RECORDS FOR THIS TASK =
* * * *

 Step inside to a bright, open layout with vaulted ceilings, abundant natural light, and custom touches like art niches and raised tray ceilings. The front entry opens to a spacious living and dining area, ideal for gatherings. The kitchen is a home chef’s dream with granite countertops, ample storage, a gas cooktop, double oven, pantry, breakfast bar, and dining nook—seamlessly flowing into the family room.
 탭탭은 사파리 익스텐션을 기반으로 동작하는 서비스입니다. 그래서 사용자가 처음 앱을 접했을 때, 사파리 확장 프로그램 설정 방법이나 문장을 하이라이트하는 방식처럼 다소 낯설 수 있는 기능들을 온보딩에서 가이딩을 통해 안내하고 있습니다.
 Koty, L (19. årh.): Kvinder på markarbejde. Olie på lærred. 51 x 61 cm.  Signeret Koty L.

* * * *

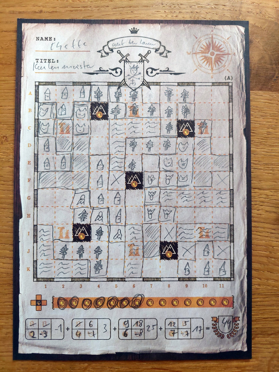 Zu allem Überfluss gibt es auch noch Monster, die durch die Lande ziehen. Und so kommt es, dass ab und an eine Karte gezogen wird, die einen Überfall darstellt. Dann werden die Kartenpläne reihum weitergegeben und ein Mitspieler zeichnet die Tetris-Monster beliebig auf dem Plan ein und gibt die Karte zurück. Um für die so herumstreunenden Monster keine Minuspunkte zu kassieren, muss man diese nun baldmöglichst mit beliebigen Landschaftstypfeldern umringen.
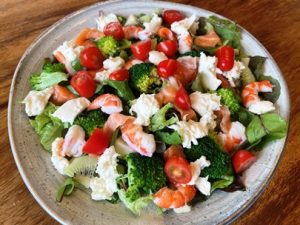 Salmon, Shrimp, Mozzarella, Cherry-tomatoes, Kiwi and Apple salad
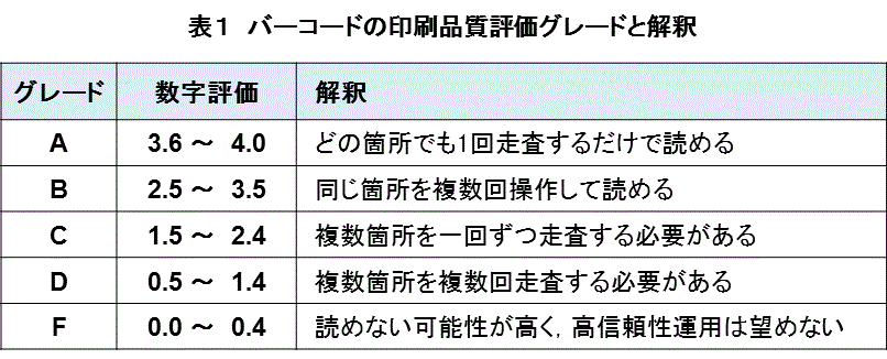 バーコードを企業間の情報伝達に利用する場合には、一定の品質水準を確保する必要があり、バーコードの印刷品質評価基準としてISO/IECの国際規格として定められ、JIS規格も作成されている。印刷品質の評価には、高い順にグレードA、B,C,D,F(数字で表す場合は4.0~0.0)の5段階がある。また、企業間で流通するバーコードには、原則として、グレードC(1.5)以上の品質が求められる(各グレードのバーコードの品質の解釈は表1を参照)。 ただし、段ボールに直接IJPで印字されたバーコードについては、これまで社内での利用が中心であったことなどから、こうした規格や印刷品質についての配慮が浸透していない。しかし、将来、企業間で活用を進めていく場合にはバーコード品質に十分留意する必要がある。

* * * *

WHAT IS EXPECTED = Where the listing above reaches the line that contains "Step inside to", start retyping, and finish with the line that contains "Koty, L (19."; reproduce those lines exactly and no others.

EXERCISE RESULT =
 Step inside to a bright, open layout with vaulted ceilings, abundant natural light, and custom touches like art niches and raised tray ceilings. The front entry opens to a spacious living and dining area, ideal for gatherings. The kitchen is a home chef’s dream with granite countertops, ample storage, a gas cooktop, double oven, pantry, breakfast bar, and dining nook—seamlessly flowing into the family room.
 탭탭은 사파리 익스텐션을 기반으로 동작하는 서비스입니다. 그래서 사용자가 처음 앱을 접했을 때, 사파리 확장 프로그램 설정 방법이나 문장을 하이라이트하는 방식처럼 다소 낯설 수 있는 기능들을 온보딩에서 가이딩을 통해 안내하고 있습니다.
 Koty, L (19. årh.): Kvinder på markarbejde. Olie på lærred. 51 x 61 cm.  Signeret Koty L.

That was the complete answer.